Large corporations are exposed to bad press and harm to reputation on many technological fronts: a disenfranchised employee writing a blog post, the blogging community itself, user forums, and message boards. That can put a severe crunch in the image and revenue a company can generate. There was a lock company that enjoyed great success online and had built a huge user community through their website. The users evetually found out that the company’s guaranteed-unbreakable lock could be broken by one blow from a hammer, and the backlash put them out of business. It took no time at all, especially considering how long it took to build the business and grow the user base.

Bloated corporations have the resources to protect their brand name but do a very poor job of it in the online realm. It may be their slow acceptance of the web as a viable and valuable tool, or their greed which allows them to buy $100 thousand dollar suites in sports arenas like it is a drop in the bucket. That greed may keep them from paying the salaries for a few newly created job positions, like a ”Corporate Brand Emissary.”

Moving into the future, those Fortune 500 companies who employ people to protect their brand name and reputation (or hire firms designed to protect these companies on line like “Virtual bodyguards”) will do more to add return on investment to the bottom line. Their work will be much more potent than placing advertising on a bunch of random chat rooms filled with people pretending to be other people.

Corporate Brand Emissaries (CBE’s) will need to develop skills in search engine optimization to move pages with bad press off of the search engine results, especially if the page lands within the top 30 results of any major keywords.
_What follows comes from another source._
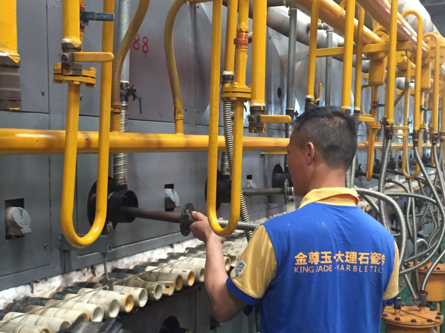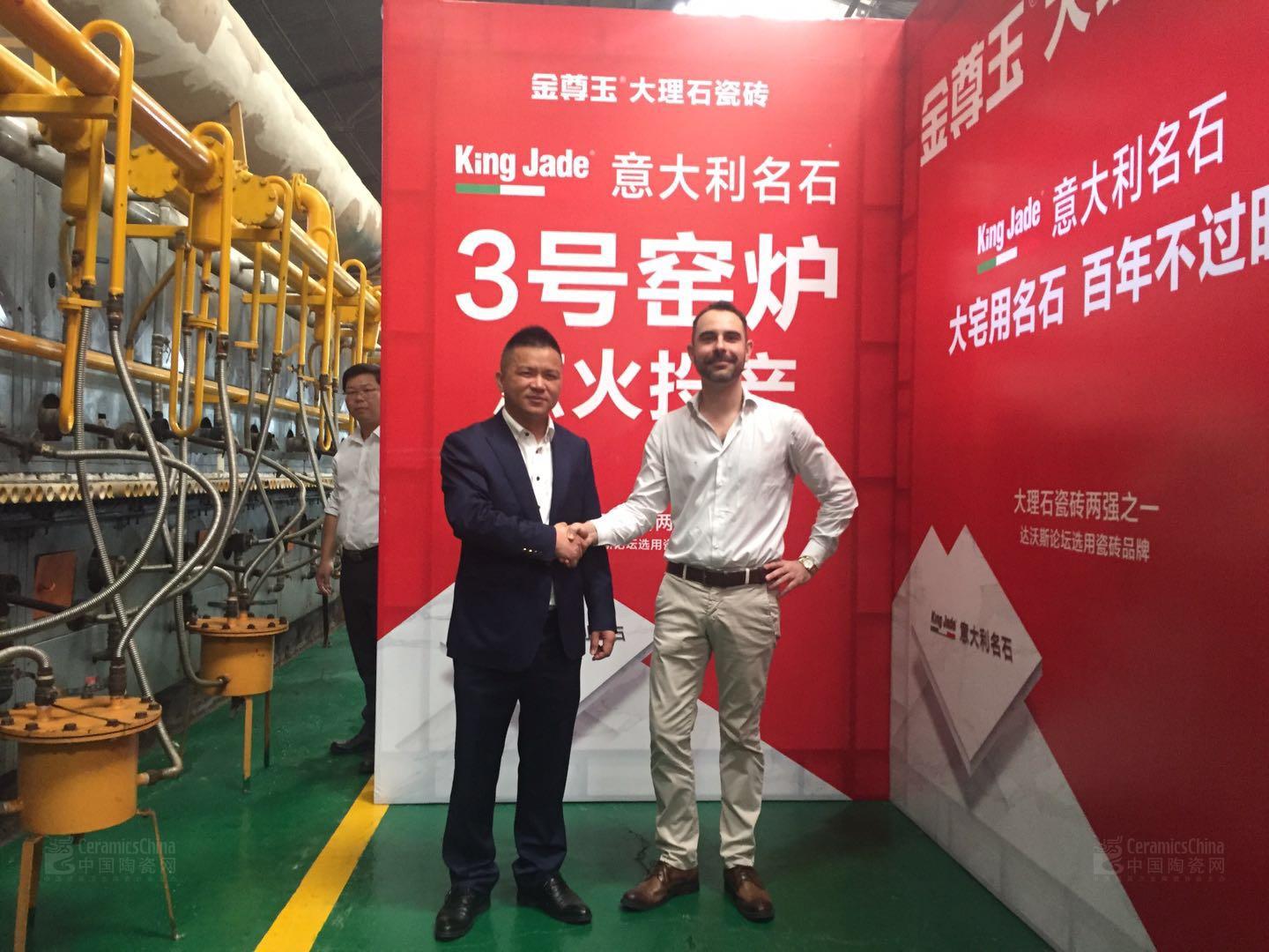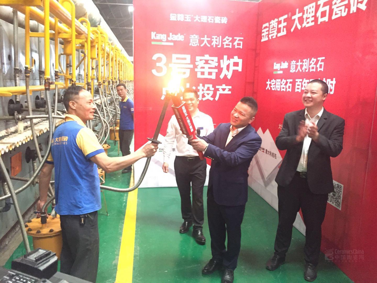 2018年3月28日,在金尊玉西樵生產(chǎn)基地,金尊玉大理石瓷磚董事長南順芝攜意大利天工法拉利集團(tuán)代表人員在行業(yè)主流媒體的見證下舉行3號(hào)窯爐點(diǎn)火投產(chǎn)的點(diǎn)火儀式。這意味著金尊玉新一代大理石瓷磚生產(chǎn)線火紅開窯。同時(shí)也意味著,作為中國第一家引進(jìn)綠色工廠智能化儲(chǔ)坯系統(tǒng)的金尊玉,正式開啟自動(dòng)化生產(chǎn)。

THE CBE will need to develop public relations skills in order to diminish any damage done by bad press or publicity, create good publicity or spin to offset damage done. This will need to be a proactive position where people are sent to the advertisers’ sites to ensure compliance with their brand, trademark, and copyright policies.
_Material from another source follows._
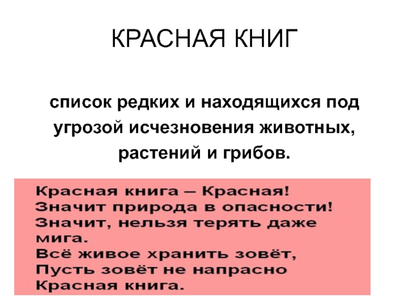 КРАСНАЯ КНИГсписок редких и находящихся подугрозой исчезновения животных,растений и грибов.

The CBE will also need search engine marketing skills to find better advertising opportunities for their clients while proactively surfing the Internet to maintain damage control and positive interaction with the company’s various interpersonal contacts they have daily in the course of business,

These newly created positions can also assist in filing DMCA paperwork with search engines to have results removed which infringe on the company’s brand name or copyright or otherwise violate protections to corporations assured by the government. The government can, and does enact laws to protect the many types of properties people and companies own. But in the Internet world, the reality is that there must be a proactive stance taken in order to ensure steady revenue.

Google.com and the other major search engines can make the CBE’s job easy through the indexing of web pages that contain the company’s name. A search on Google for http://www.mywebsite.com will return a page with the site description, as seen in Google’s results page. Below that are five links to other information about the website.
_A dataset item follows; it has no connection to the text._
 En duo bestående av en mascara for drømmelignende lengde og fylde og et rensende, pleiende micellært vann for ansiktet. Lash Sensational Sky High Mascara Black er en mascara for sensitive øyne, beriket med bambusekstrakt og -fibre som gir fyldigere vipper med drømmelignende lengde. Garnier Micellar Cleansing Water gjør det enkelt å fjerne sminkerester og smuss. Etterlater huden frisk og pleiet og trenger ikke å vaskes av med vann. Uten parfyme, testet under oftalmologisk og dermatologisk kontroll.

By clicking on the bottom listed link (find web pages that contain the term “www.mywebsite.com”), a list of all the websites where the domain name is mentioned will be returned, which the CBE will need to click on each one and surf the site where the company’s name is mentioned.

From there the CBE can notate whether the site provides good publicity or bad press. Bad press comments should be noted and an individualized e-mail sent to discuss the issue. If violations of business protections (Copyright Law for instance) have been done, the letter can request that the violation be removed.

In the current environment of consumerism, where an unsatisfied customer can take their complaint to the world about any company, it is an advised best practice for corporations to exceed customer expectations by providing superior response to complaints and implementing a problem resolution process.

With the resources offered through the online world, as well as a plethora of tools at their disposal, the claim of “we didn’t know” for any Fortune500 corporation, especially those publicly held, is a sure sign of a poor and lazy management that is too far out of touch, unaware of current events, and putting on blinders to issues which can erode shareholder confidence and the value of the shares.